Re: GB 18030 Certification

From: Christopher Fynn (
Date: Sun Aug 21 2005 - 22:55:13 CDT

  • Next message: Peter Constable: "RE: Questions re ISO-639-1,2,3"

    Andrew West wrote:

    > If support for the Chinese "Set A" set of precomposed Tibetan stacks
    > is now a requirement for GB18030 certification, then I would have
    > thought that OpenType Tibetan fonts such as Xiamalaya and Tibetan
    > Machine Uni that already fully support Unicode Tibetan by means of
    > OpenType tables could be made GB18030 compliant by adding in extra
    > mappings from the PUA codepoints defined in Set A to the appropriate
    > glyphs in the font where available or by decomposing the PUA code
    > points using OpenType features.

    A single set of glyphs is fine but the lookups could be very complicated.
    Unless you always perform some kind of "normalization", if a single
    document is edited on diverse systems you could end up with something in
    kind of a mixed (partly pre-composed and partly "atomic" Unicode)
    encoding - or something in between.

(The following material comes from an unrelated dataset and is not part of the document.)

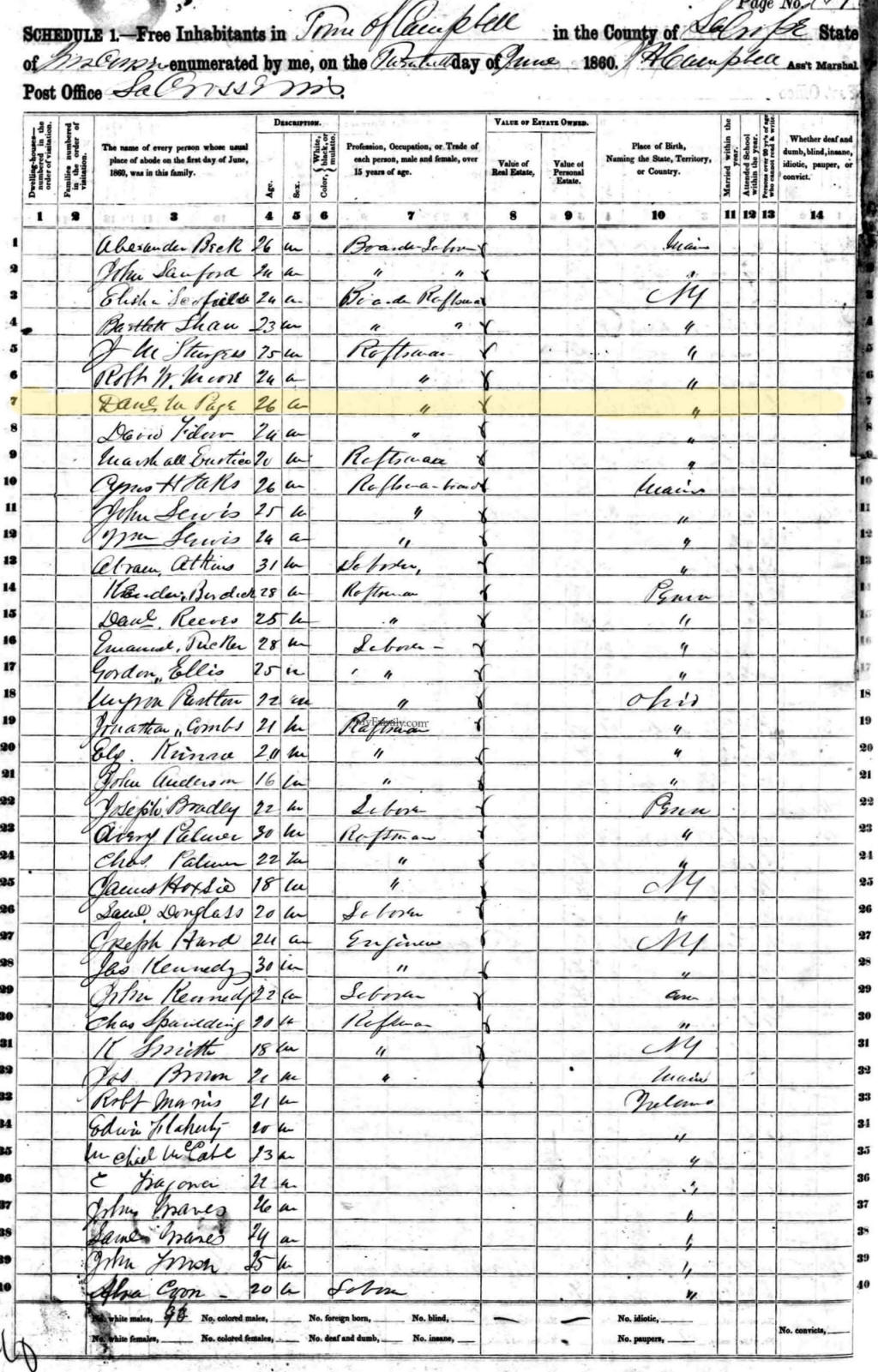 David Page, blacksmith, Eau Claire, was born in St. Herman, Province of Quebec,

What happens when you add a single
    combining consonant to a precomposed consonant stack?

    Without normalization of some kind the font lookup tables needed
    to handle every possible way of encoding each stack could quickly
    become unmanagable and difficult to debug.

    I guess MS Windows at least will try to map every

    The PRC's precomposed / PUA encoding of Tibetan seems be designed to
    avoid the need for anything like OpenType shaping or "smart font"
    technology. Since they are used to huge CJK character sets and fonts,
    6,000+ pre-composed Tibetan "characters" may seem to make more sense to
    them than adding support for "smart" fonts and complex script shaping.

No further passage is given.